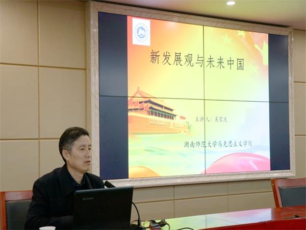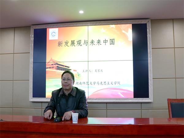 11月13日晚,立言楼B4-1会议室座无虚席。湖南师范大学马克思主义威廉williamhill中文官网院长吴家庆教授应威廉williamhill中文官网诚邀开展“人文大家讲坛”第149讲暨题为“新发展观与未来中国”的主题讲座。威廉williamhill中文官网党委书记廖加林教授出席并主持讲座,副院长毛小平博士、张晚林教授、罗建文教授、颜中军博士、凌应生博士、龚超博士等老师及威廉williamhill中文官网100余名思想政治教育、哲学专业同学到场聆听讲座。
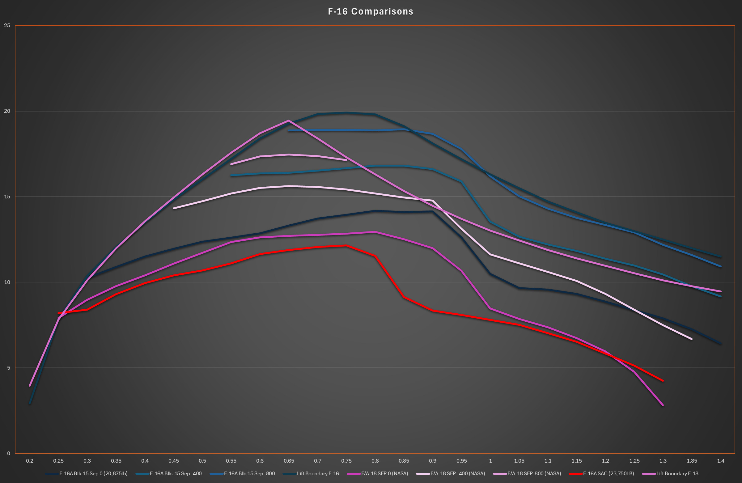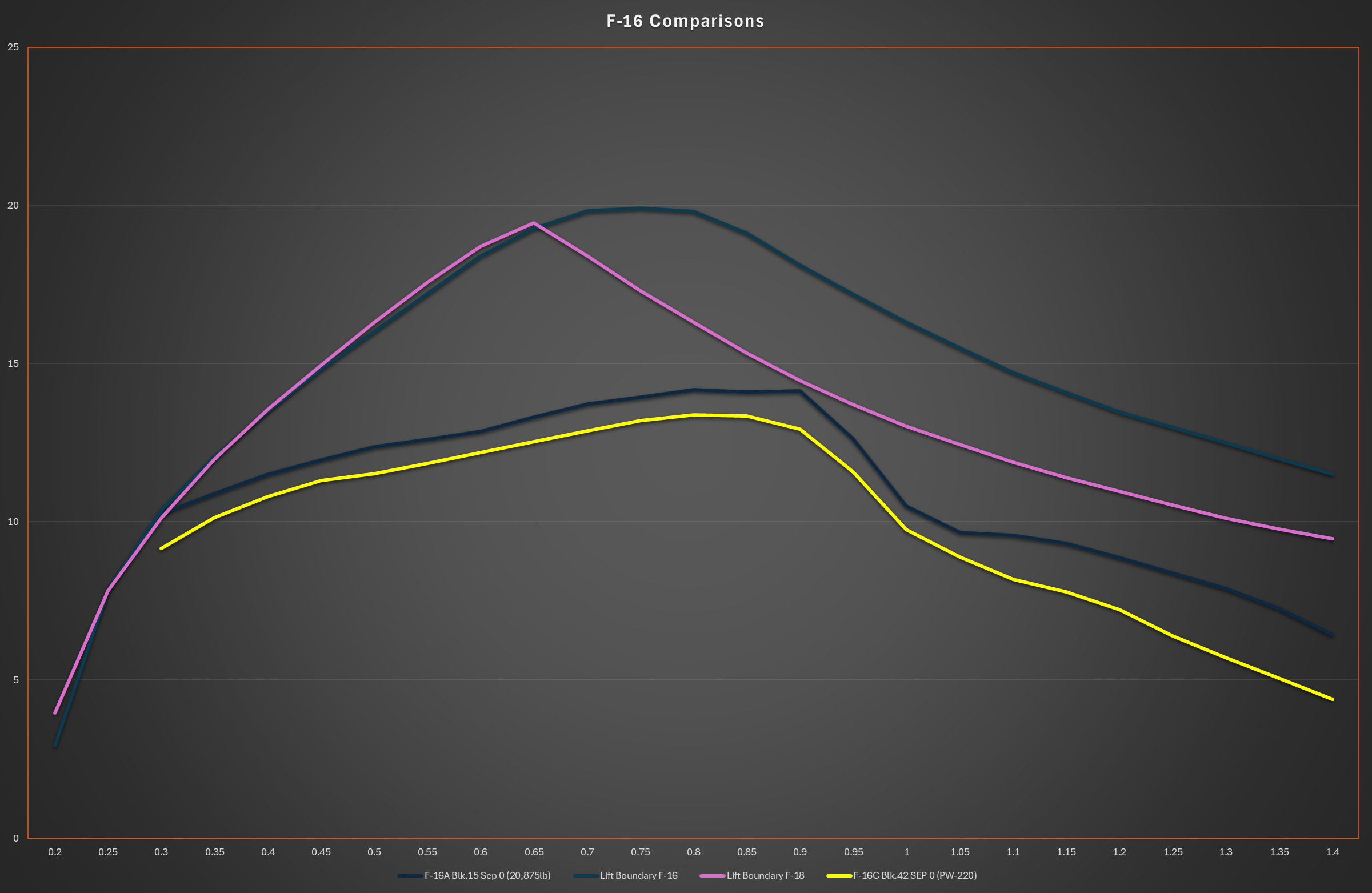 I also have figures for other F-16C variants but it is not clear if they can be shared on the forums but the comparison remains largely the same.
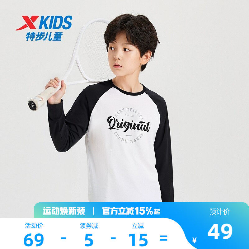 特步童装春季男童拼接纯棉T恤儿童打底针织衫中大童圆领上衣春装
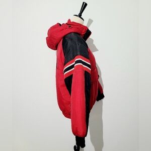 Show off your team pride in this vintage University of Nebraska Cornhuskers pullover jacket by Genuine Stuff Collegiate. This retro-style jacket features bold red and black color blocking, a large front pouch pocket, side zip, and a hood for extra warmth. "Nebraska" is embroidered on the back and chest, along with the Husker “N” logo on the front flap pocket.
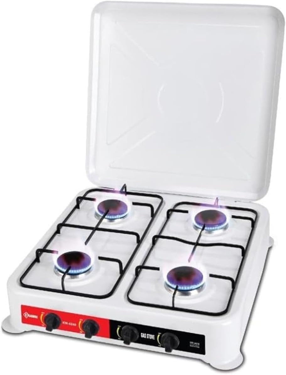 موقد غاز 4 عيون سهل التنظيف والاستخدام يمكنك التحكم في درجة قوة النار من الشعلة سطح الموقد أستيل غير قابل للصداء تصميم خفيف الوزن يُسهِل نقله إلى أي مكان
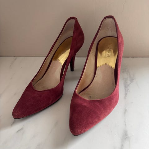Skinn pumps fra danske Yvonne Koné, Varm rosa, høy hæl og spiss tupp. Str 41, passer meg/litt romslige, jeg bruker 40 og har bred fot. Litt fuktmerker/flekker i tuppen på skinnet, kan sikkert smøres så de blir jevnere, selges derfor billig.
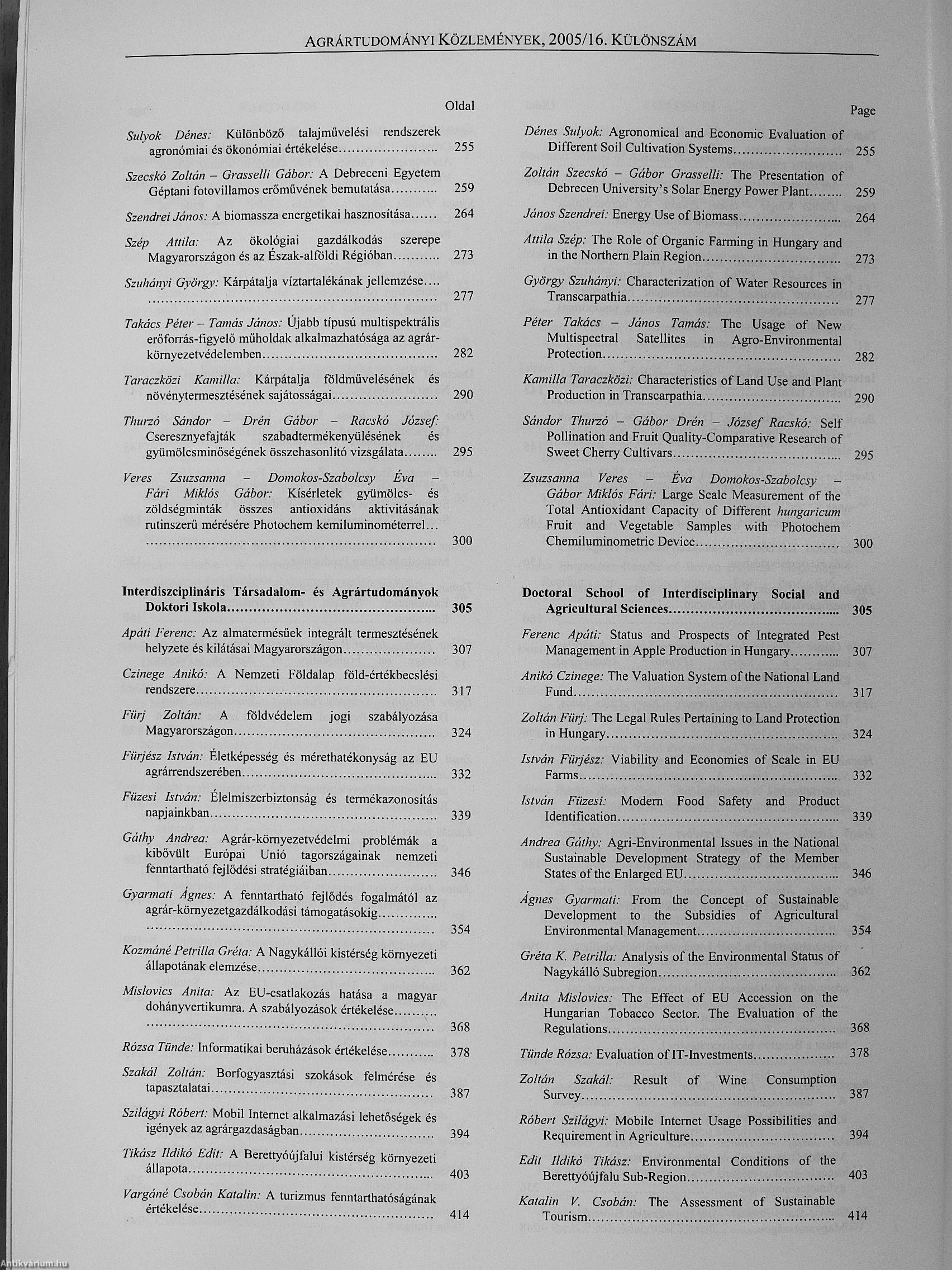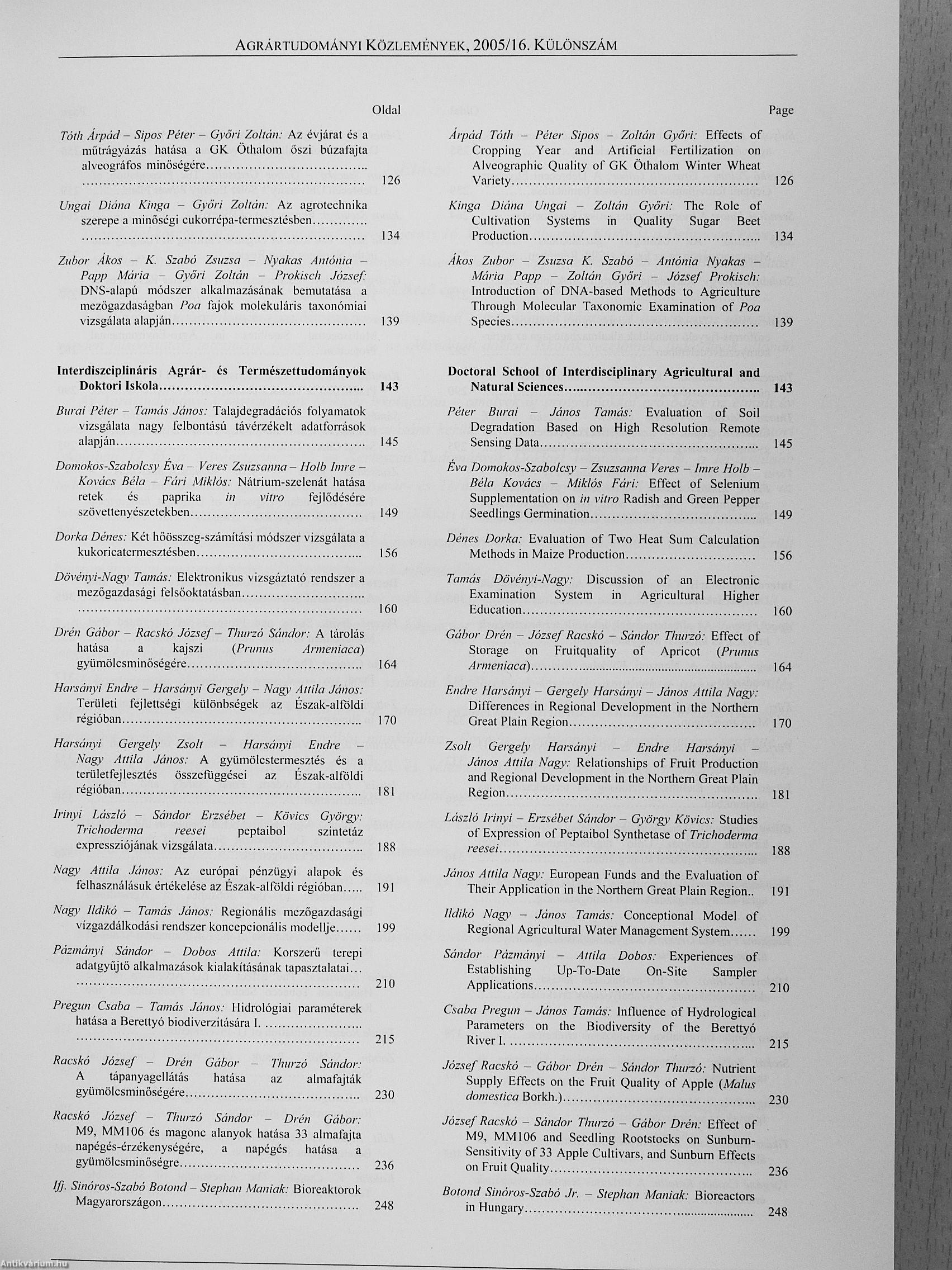 Agrártudományi közlemények 2005/16. Különszám Agrártudományi közlemények 2005/16. Különszám Agrártudományi közlemények 2005/16. Különszám

+ + + +

## [What to produce]
Copy each line of the records above exactly as written. Do not carry over any picture.

## [Exercise solution]
 11月13日晚,立言楼B4-1会议室座无虚席。湖南师范大学马克思主义威廉williamhill中文官网院长吴家庆教授应威廉williamhill中文官网诚邀开展“人文大家讲坛”第149讲暨题为“新发展观与未来中国”的主题讲座。威廉williamhill中文官网党委书记廖加林教授出席并主持讲座,副院长毛小平博士、张晚林教授、罗建文教授、颜中军博士、凌应生博士、龚超博士等老师及威廉williamhill中文官网100余名思想政治教育、哲学专业同学到场聆听讲座。
 I also have figures for other F-16C variants but it is not clear if they can be shared on the forums but the comparison remains largely the same.
 特步童装春季男童拼接纯棉T恤儿童打底针织衫中大童圆领上衣春装
 Show off your team pride in this vintage University of Nebraska Cornhuskers pullover jacket by Genuine Stuff Collegiate. This retro-style jacket features bold red and black color blocking, a large front pouch pocket, side zip, and a hood for extra warmth. "Nebraska" is embroidered on the back and chest, along with the Husker “N” logo on the front flap pocket.
 موقد غاز 4 عيون سهل التنظيف والاستخدام يمكنك التحكم في درجة قوة النار من الشعلة سطح الموقد أستيل غير قابل للصداء تصميم خفيف الوزن يُسهِل نقله إلى أي مكان
Skinn pumps fra danske Yvonne Koné, Varm rosa, høy hæl og spiss tupp. Str 41, passer meg/litt romslige, jeg bruker 40 og har bred fot. Litt fuktmerker/flekker i tuppen på skinnet, kan sikkert smøres så de blir jevnere, selges derfor billig.
 Agrártudományi közlemények 2005/16. Különszám Agrártudományi közlemények 2005/16. Különszám Agrártudományi közlemények 2005/16. Különszám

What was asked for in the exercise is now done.